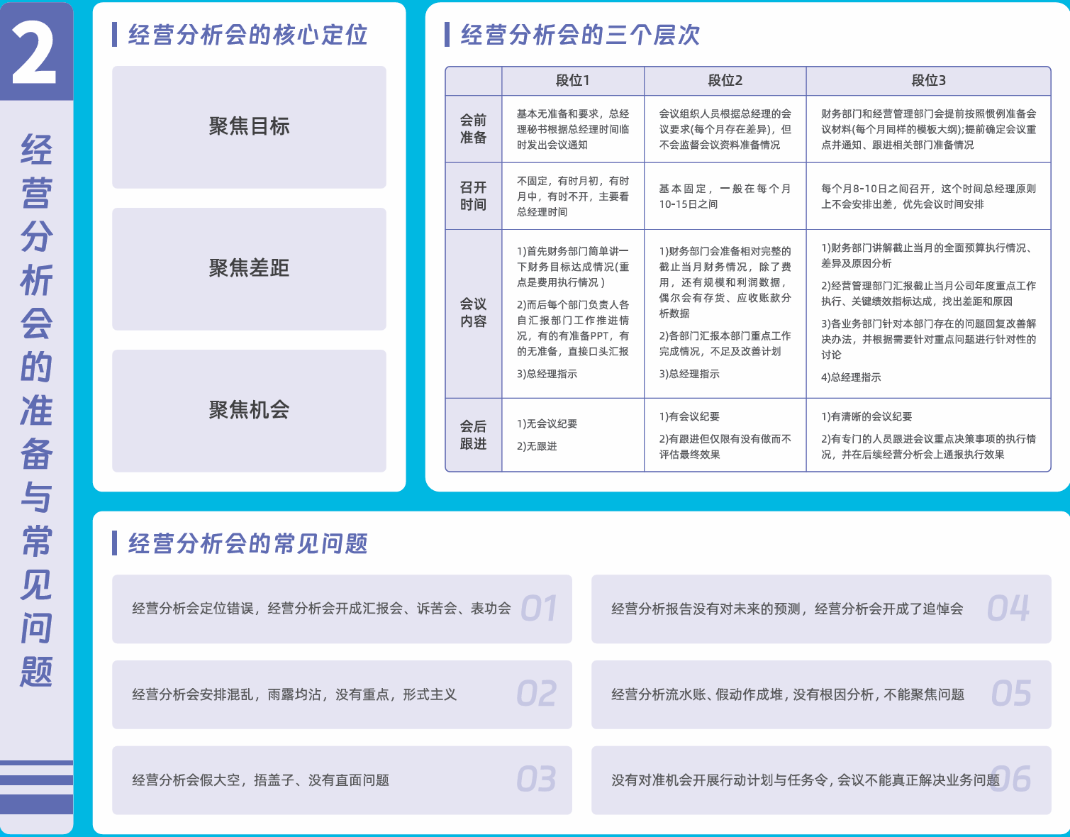最基础的层次,会议流程比较粗放,时间经常看老板日程临时定,内容就是财务报个数,业务部门讲讲流水账。开完会好像也就散了,后续谁跟进、结果怎么样,基本靠自觉。说实话,我第一次看到这类会议时,内心是很无力的。
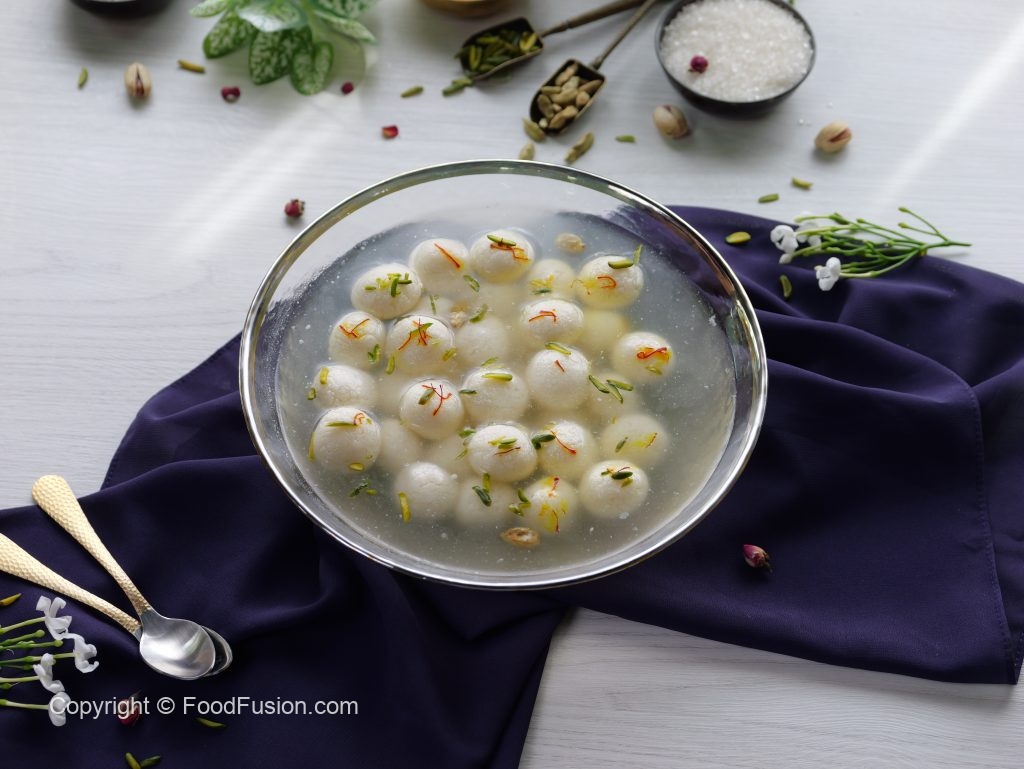 -On low flame,add mini rasgulla balls in sugar syrup & cook on medium flame without stirring for 3-4 minutes,cover & cook for 8-10 minutes or until double in size.
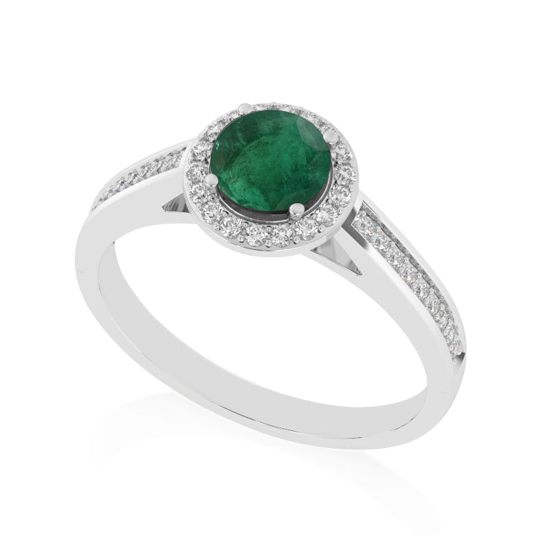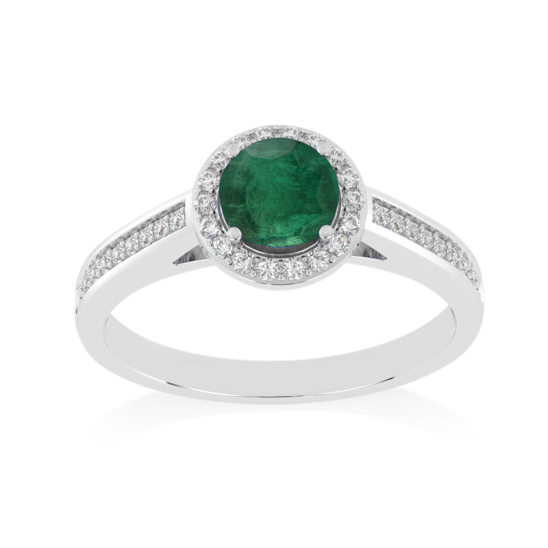 Description: Diamond & Emerald Halo Ring, Set with Round Cut Emerald & Brilliant Cut Diamonds, Set in 9ct or 18ct White Gold

THE PROBLEM >>
Top to bottom, retype the listing exactly but drop every picture.

ANSWER SECTION >>
最基础的层次,会议流程比较粗放,时间经常看老板日程临时定,内容就是财务报个数,业务部门讲讲流水账。开完会好像也就散了,后续谁跟进、结果怎么样,基本靠自觉。说实话,我第一次看到这类会议时,内心是很无力的。
 -On low flame,add mini rasgulla balls in sugar syrup & cook on medium flame without stirring for 3-4 minutes,cover & cook for 8-10 minutes or until double in size.
 Description: Diamond & Emerald Halo Ring, Set with Round Cut Emerald & Brilliant Cut Diamonds, Set in 9ct or 18ct White Gold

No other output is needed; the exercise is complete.